Center for Neurological Learning Disabilities, Kempenhaeghe, Heeze, The Netherlands.
School for Mental Health and Neuroscience, Maastricht University, Maastricht, The Netherlands.
Muscle Nerve. 2023 Jul;68(1):57-64. doi: 10.1002/mus.27836. Epub 2023 May 2.
INTRODUCTION/AIMS: There is clear evidence for brain involvement in childhood myotonic dystrophy type 1 (DM1) from imaging studies and the prevalence of intellectual impairment and neurodevelopmental disorders. The cognitive profile of children with DM1 however is poorly understood. The aim of this study was to assess the cognitive profile of children with DM1.
Neuropsychological examination reports of 45 children aged 2-17 y were analyzed. All cognitive subtests used in this cohort were pooled in 10 cognitive domains. For every patient a composite z-score was calculated for every assessed domain.

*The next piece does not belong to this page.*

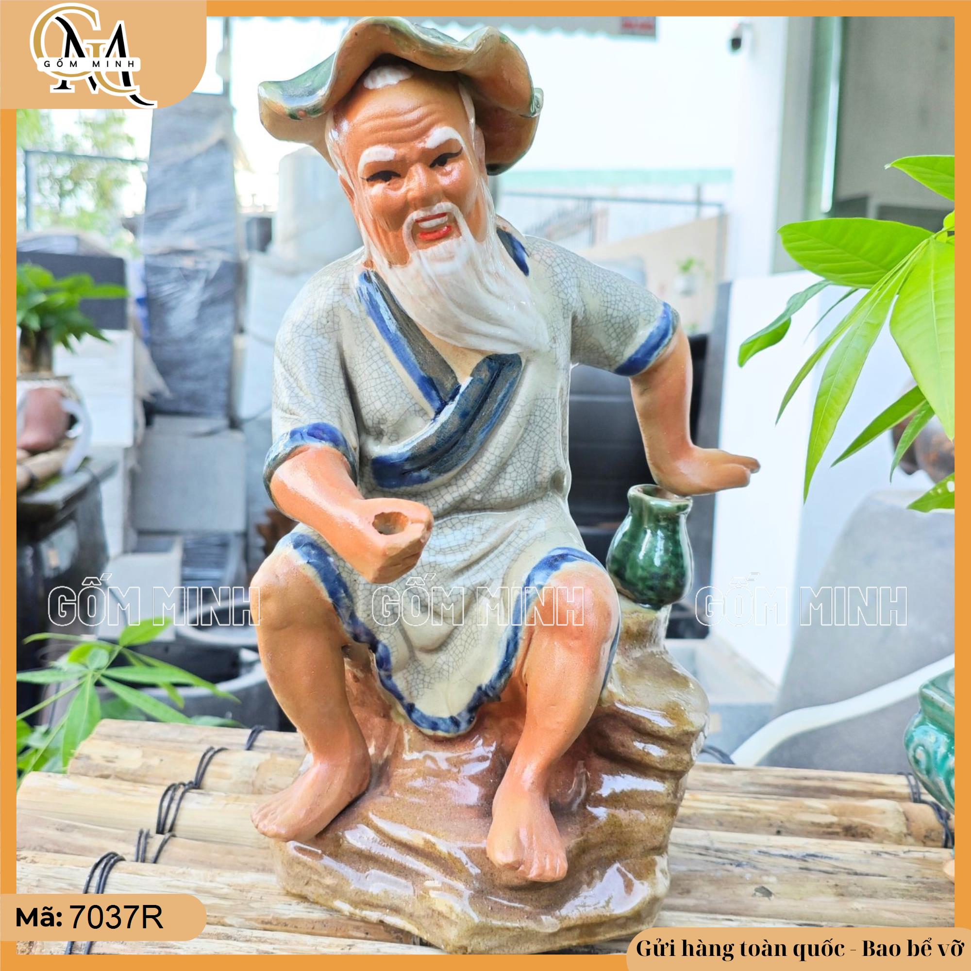 Tượng ông câu cá được chế tác từ gốm men rạn, với chiều cao 30 cm, tạo nên một hình ảnh sống động và chân thực. Ông lão có râu tóc bạc phơ, gương mặt rạng rỡ, biểu hiện sự an lạc và hạnh phúc trong từng khoảnh khắc. Đầu đội mũ, ông ngồi bên cạnh chiếc giỏ cá, đang say sưa câu cá, biểu trưng cho cuộc sống giản dị và gần gũi với thiên nhiên. Các chi tiết từ trang phục đến các đường nét khuôn mặt, đều được chăm chút tỉ mỉ, mang đến vẻ đẹp tự nhiên và truyền cảm.
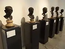 В ходе раскопок было обнаружено 67 статуй, бюстов, герм из бронзы и мрамора. Они концентрировались в четырех помещениях: в продолговатом перистиле, в тусканском атрии и в двух комнатах, находящихся между продолговатым и квадратным перистилями. В тусканском атрии, вокруг имплювия, находилось 10 бронзовых бюстов и один бюст в центре имплювия; кроме того, там были две мраморные базы без бюстов. В продолговатом перистиле (то есть в саду) зафиксировано 28 статуй и герм: это изображения атлетов, эллинистических правителей, гермы философов, богов и героев. В обширной комнате, через которую из квадратного перистиля открывался вид в сад, обнаружено девять скульптурных изображений — статуи жреца Исиды, фламина, бюстик Эпикура, бюст Геракла, статуя Афины, бюсты юноши, взрослого мужчины (предположительно Суллы), Демосфена и женщины. В комнате меньших размеров, находившейся к северу от описываемого помещения, находились бюсты Эпикура, его оппонента Зенона, Демосфена и Гермарха.

Composite scores were classified as average (z > -1), mild cognitive impairment (-1 ≥ z > -2), or major cognitive impairment (z ≤ -2).
The nature and extent of neuropsychological examinations differed between centers and patients. The domains with the highest frequency of major cognitive impairment were social cognition (4/9 children tested; 44%), attention (13/32; 41%), and fine motor skills (3/10; 30%). Combining mild and major cognitive impairment, working memory (20/28; 71%), attention (21/32; 66%), and visuospatial functions (16/28; 57%) were the most frequently affected domains. Long-term memory was least affected, with mild impairment only in 5/29 (17%).
Children with DM1 may have specific cognitive deficits, most frequently affecting working memory, attention, and visuospatial functions, in addition to the previously described global intellectual impairments. We recommend including a standardized neuropsychological examination in the standards of care for DM1 children. Early recognition of cognitive deficits and behavioral disorders in children with DM1 can improve their management.
简介/目的:影像学研究和智力障碍及神经发育障碍的患病率清楚地表明,1 型肌强直性营养不良(DM1)患儿存在脑受累。然而,DM1 患儿的认知特征了解甚少。本研究旨在评估 DM1 患儿的认知特征。
分析了 45 名 2-17 岁 DM1 患儿的神经心理学检查报告。本队列中使用的所有认知测试均被汇集在 10 个认知域中。对每个患者,每个评估域均计算综合 z 分数。复合评分分为平均(z>-1)、轻度认知障碍(-1≥z>-2)或重度认知障碍(z≤-2)。
各中心和患者之间神经心理学检查的性质和范围不同。认知损害最严重的域为社会认知(9 名患儿中的 4 名;44%)、注意力(32 名患儿中的 13 名;41%)和精细运动技能(10 名患儿中的 3 名;30%)。将轻度和重度认知障碍合并,工作记忆(28 名患儿中的 20 名;71%)、注意力(32 名患儿中的 21 名;66%)和视空间功能(28 名患儿中的 16 名;57%)是最常受影响的域。长期记忆受影响最小,仅有 5/29(17%)名患儿出现轻度损害。
DM1 患儿可能存在特定的认知缺陷,除了先前描述的整体智力障碍外,最常影响工作记忆、注意力和视空间功能。我们建议在 DM1 患儿的护理标准中纳入标准化神经心理学检查。早期识别 DM1 患儿的认知缺陷和行为障碍可以改善他们的管理。